▸ **Supplied data**:
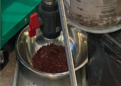 Ingredients are added to the chocolate liquor from the concher before pouring into molds.
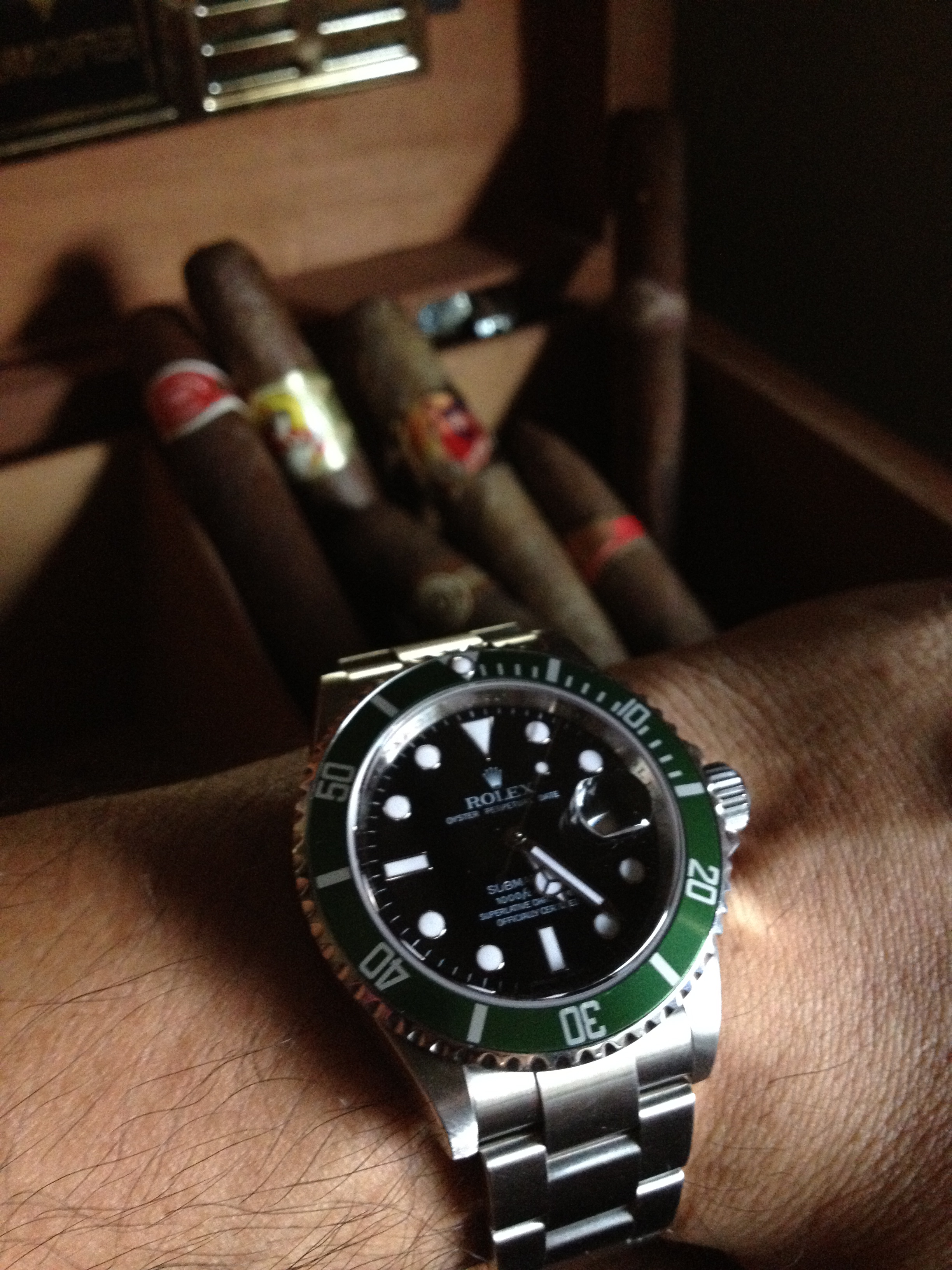 The Rolex is beautiful. I really like that green bezel.
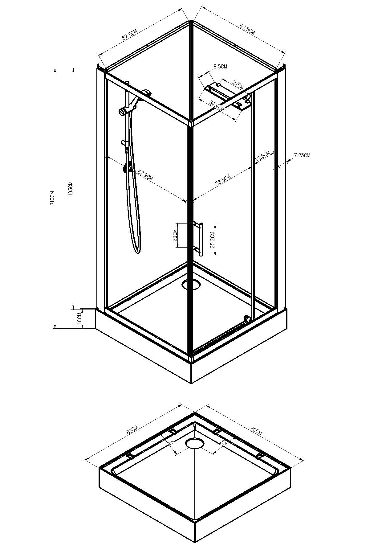 Hoogte douchebak: 15 cm

▸ **Work to be completed**: Word for word, quote the full listing, omitting every picture.

▸ **Result below**:
 Ingredients are added to the chocolate liquor from the concher before pouring into molds.
 The Rolex is beautiful. I really like that green bezel.
 Hoogte douchebak: 15 cm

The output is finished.